Exercise prompt:
In the entries that follow, find the line containing "Built-in Rechargeable 3.7V" and the line containing "конструкция наклонная, монтаж", then retype exactly the lines from the first through the second, pictures excluded.

Records shown:
*** Begin section ***

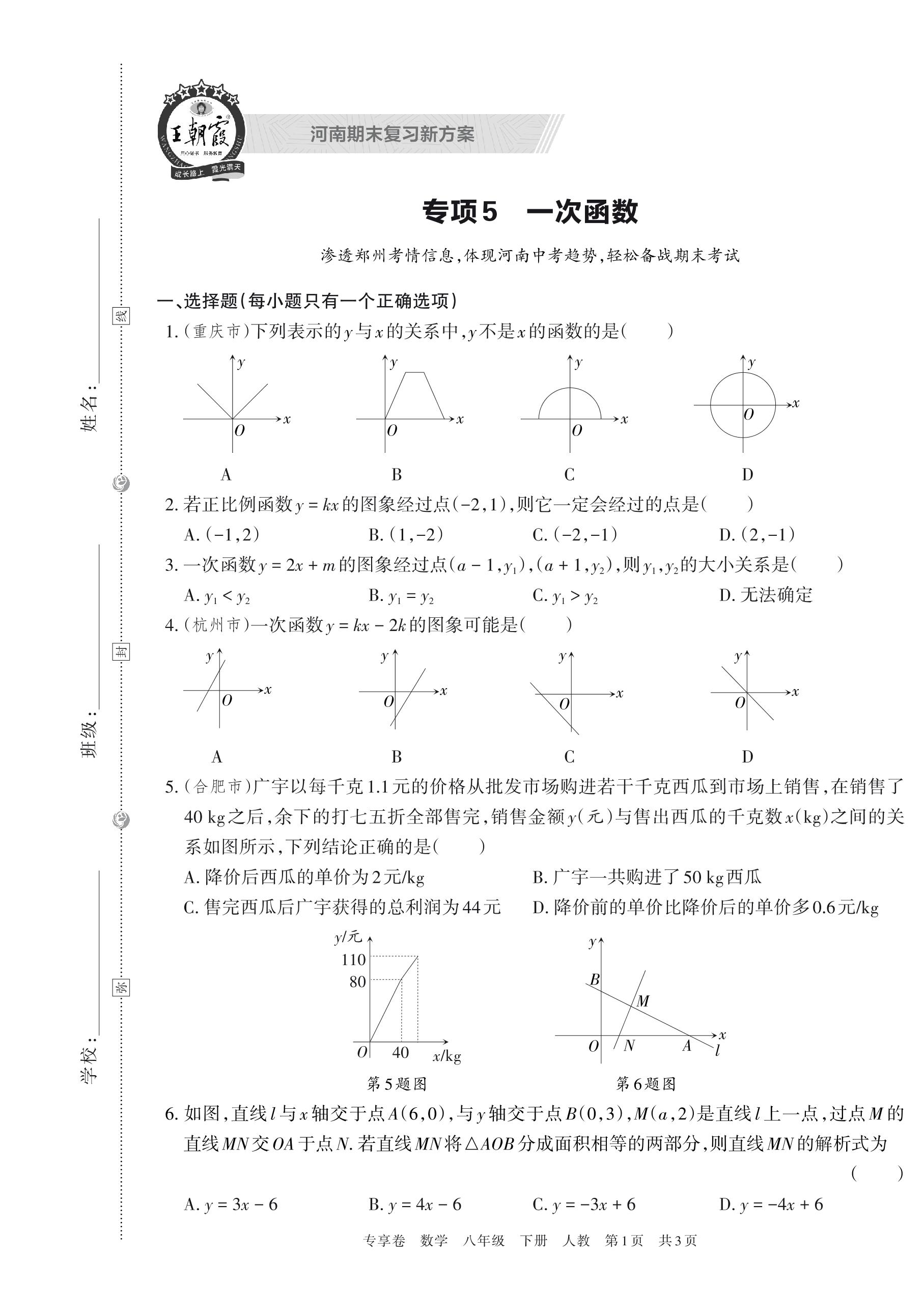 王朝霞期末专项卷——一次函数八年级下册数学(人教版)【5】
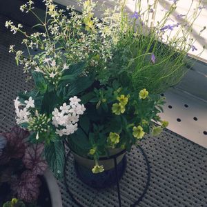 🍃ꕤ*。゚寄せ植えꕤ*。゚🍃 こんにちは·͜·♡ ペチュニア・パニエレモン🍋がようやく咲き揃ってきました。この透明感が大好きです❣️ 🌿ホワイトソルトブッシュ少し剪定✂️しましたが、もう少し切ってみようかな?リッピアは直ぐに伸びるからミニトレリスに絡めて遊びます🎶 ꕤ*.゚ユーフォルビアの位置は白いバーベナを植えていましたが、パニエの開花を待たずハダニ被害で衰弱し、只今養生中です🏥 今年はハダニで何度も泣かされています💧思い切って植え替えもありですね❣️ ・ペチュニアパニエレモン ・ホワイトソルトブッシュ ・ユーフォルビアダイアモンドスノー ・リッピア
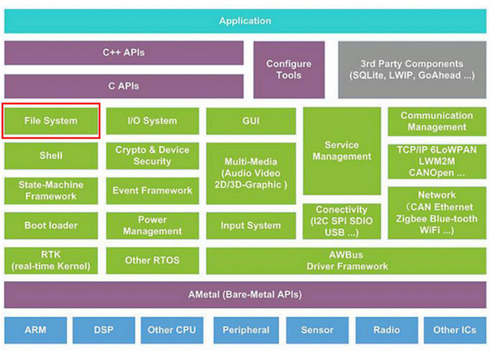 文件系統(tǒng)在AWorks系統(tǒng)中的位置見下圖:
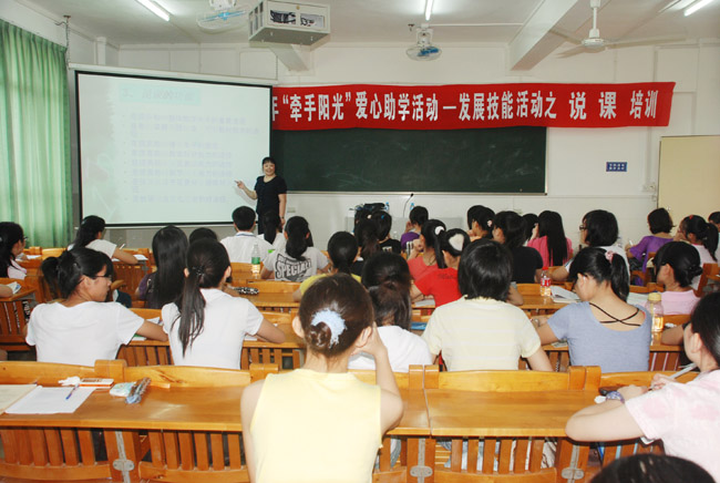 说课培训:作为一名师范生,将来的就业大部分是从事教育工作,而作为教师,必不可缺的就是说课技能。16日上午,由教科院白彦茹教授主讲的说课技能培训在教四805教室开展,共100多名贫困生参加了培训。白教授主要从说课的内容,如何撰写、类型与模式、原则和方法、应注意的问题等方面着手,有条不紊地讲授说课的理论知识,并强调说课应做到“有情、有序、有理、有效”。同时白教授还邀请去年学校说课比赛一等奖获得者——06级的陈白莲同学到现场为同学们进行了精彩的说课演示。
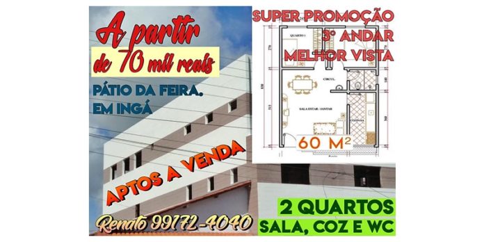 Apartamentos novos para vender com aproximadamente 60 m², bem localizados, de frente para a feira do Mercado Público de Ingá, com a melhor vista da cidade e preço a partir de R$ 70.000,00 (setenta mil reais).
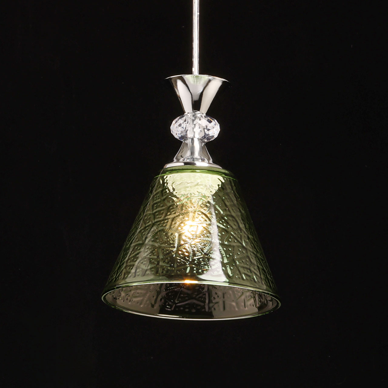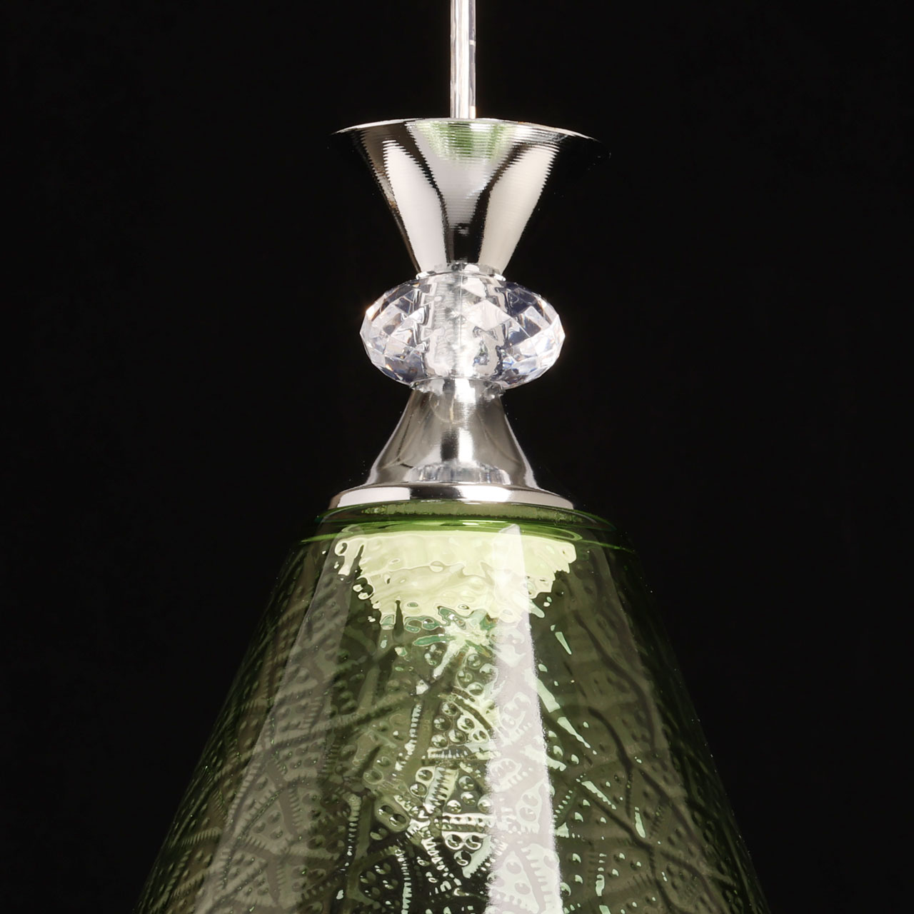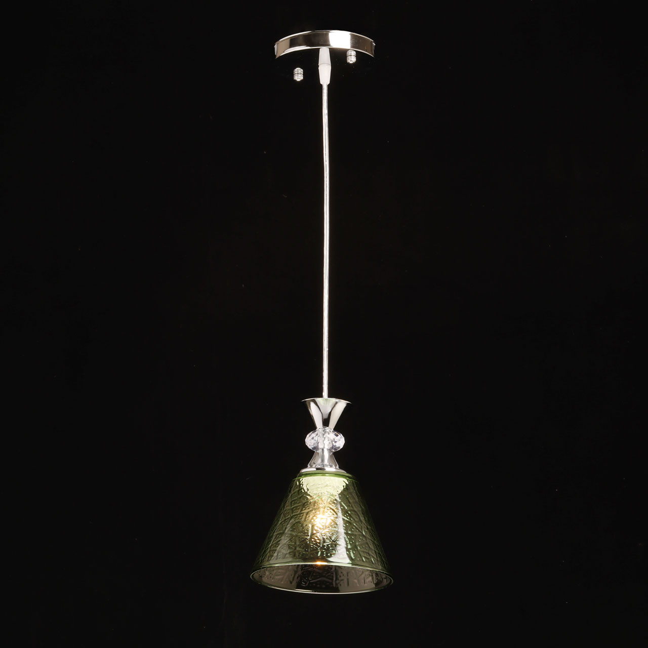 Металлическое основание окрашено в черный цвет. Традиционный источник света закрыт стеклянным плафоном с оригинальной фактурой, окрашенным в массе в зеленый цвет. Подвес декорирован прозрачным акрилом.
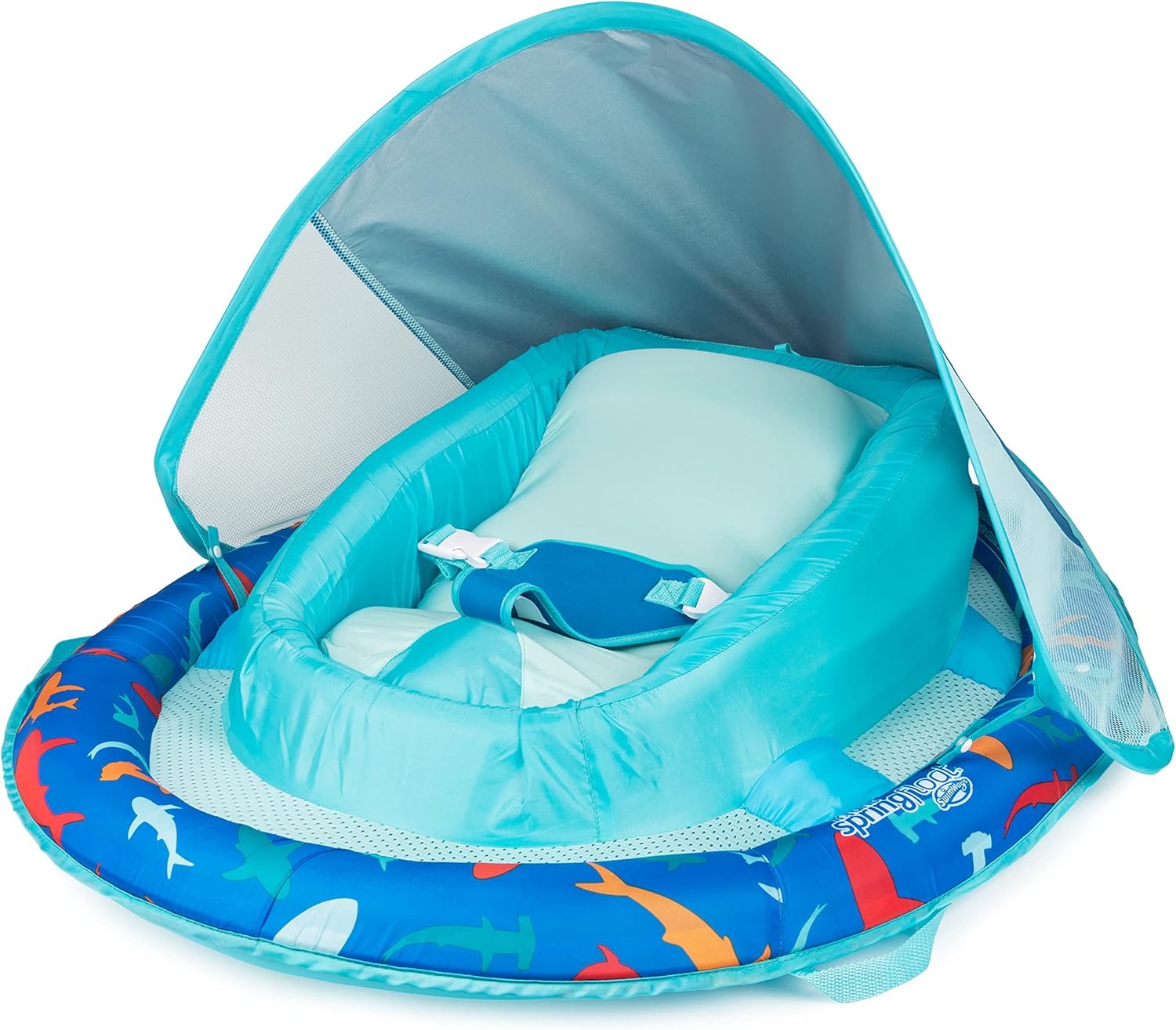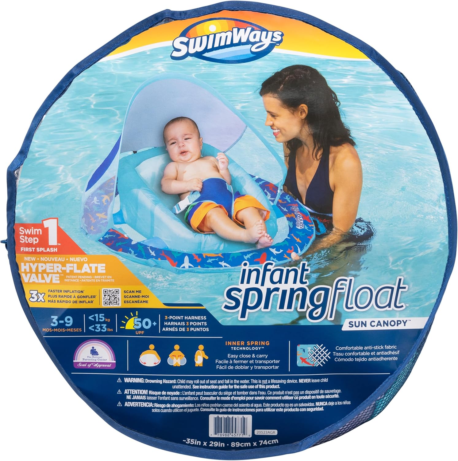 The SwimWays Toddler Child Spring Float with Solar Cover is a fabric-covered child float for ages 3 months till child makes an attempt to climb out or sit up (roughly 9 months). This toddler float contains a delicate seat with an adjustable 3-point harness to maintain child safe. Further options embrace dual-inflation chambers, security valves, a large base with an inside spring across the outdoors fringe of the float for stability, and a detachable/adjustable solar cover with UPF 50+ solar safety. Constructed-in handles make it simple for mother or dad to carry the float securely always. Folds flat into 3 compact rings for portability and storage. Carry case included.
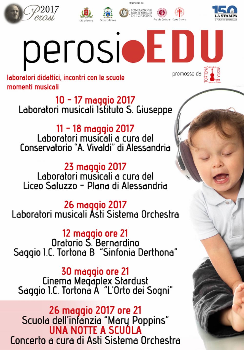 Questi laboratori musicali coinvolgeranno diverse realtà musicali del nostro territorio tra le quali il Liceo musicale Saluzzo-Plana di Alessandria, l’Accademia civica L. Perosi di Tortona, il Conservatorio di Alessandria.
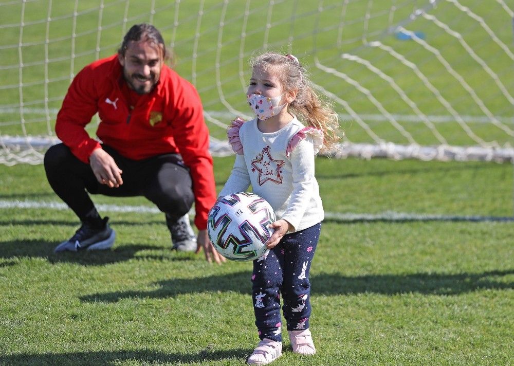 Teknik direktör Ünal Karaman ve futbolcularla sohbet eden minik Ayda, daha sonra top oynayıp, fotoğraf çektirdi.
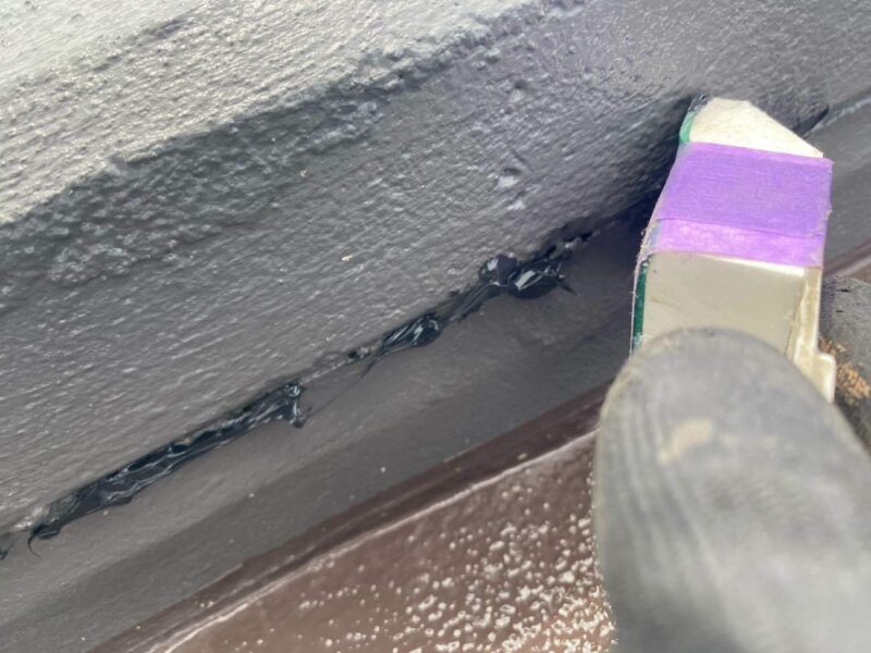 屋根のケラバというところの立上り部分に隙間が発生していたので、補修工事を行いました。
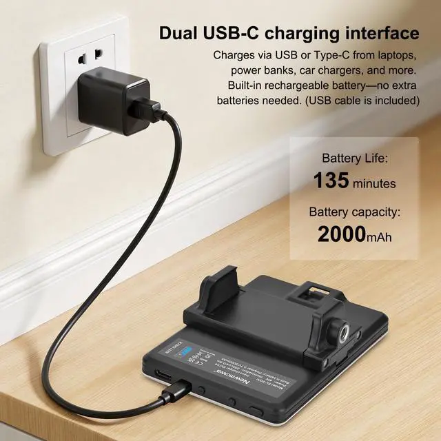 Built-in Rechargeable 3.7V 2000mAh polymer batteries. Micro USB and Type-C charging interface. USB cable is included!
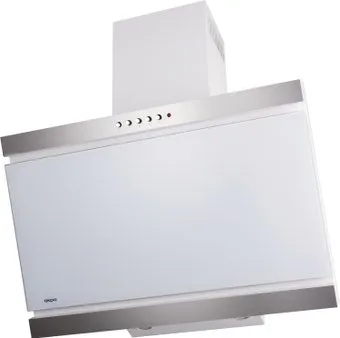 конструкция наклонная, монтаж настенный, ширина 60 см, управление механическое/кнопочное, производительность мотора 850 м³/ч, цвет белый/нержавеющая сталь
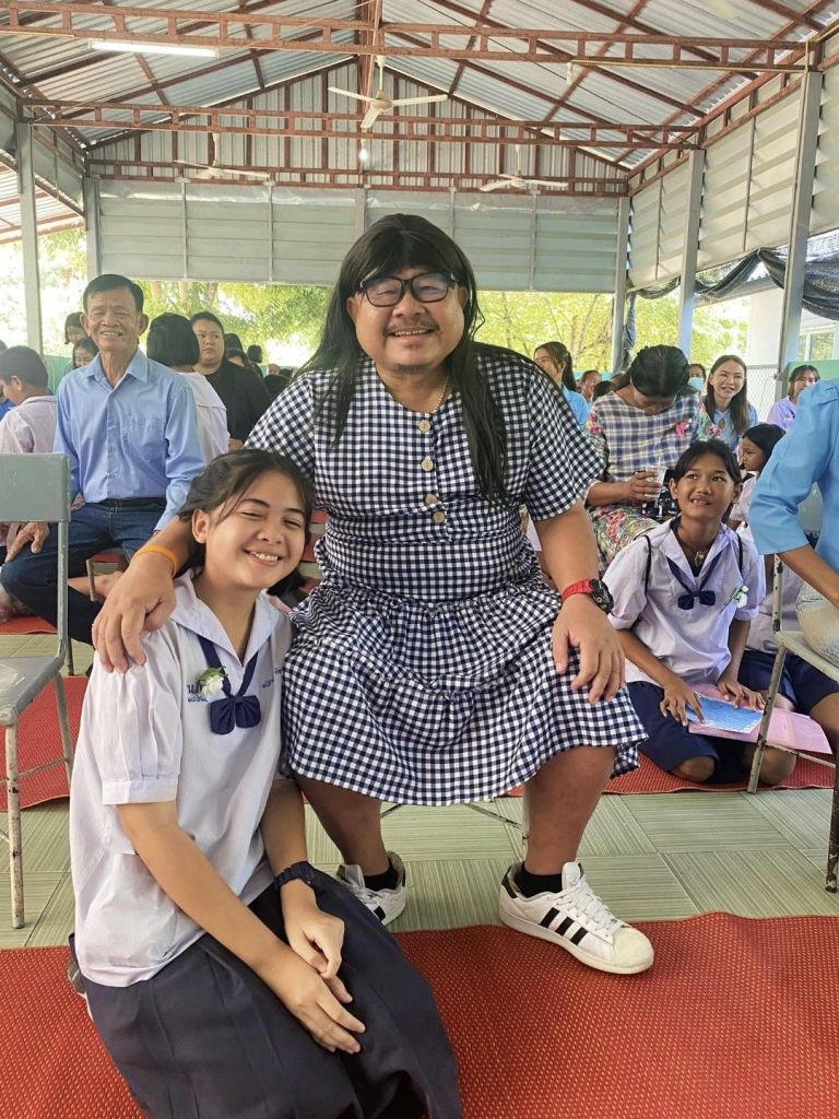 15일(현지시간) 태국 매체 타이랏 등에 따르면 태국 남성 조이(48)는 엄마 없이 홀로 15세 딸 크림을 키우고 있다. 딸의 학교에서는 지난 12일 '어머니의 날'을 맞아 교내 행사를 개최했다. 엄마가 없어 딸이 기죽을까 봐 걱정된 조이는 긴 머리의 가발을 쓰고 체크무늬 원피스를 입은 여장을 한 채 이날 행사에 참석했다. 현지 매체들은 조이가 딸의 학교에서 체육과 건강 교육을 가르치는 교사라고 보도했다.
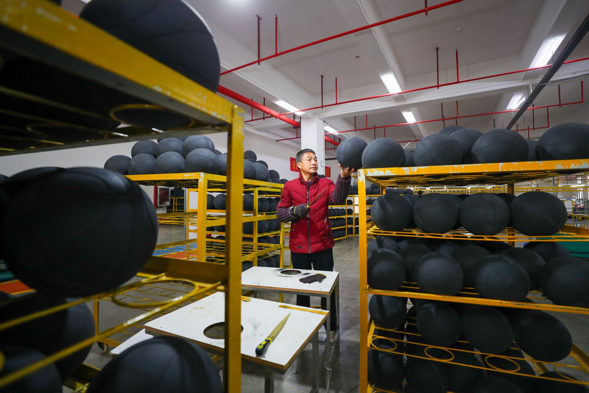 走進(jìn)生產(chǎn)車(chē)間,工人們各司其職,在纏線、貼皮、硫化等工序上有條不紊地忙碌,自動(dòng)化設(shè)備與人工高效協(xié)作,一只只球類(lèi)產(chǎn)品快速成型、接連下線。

*** End section ***

Solution to the problem:
 Built-in Rechargeable 3.7V 2000mAh polymer batteries. Micro USB and Type-C charging interface. USB cable is included!
 конструкция наклонная, монтаж настенный, ширина 60 см, управление механическое/кнопочное, производительность мотора 850 м³/ч, цвет белый/нержавеющая сталь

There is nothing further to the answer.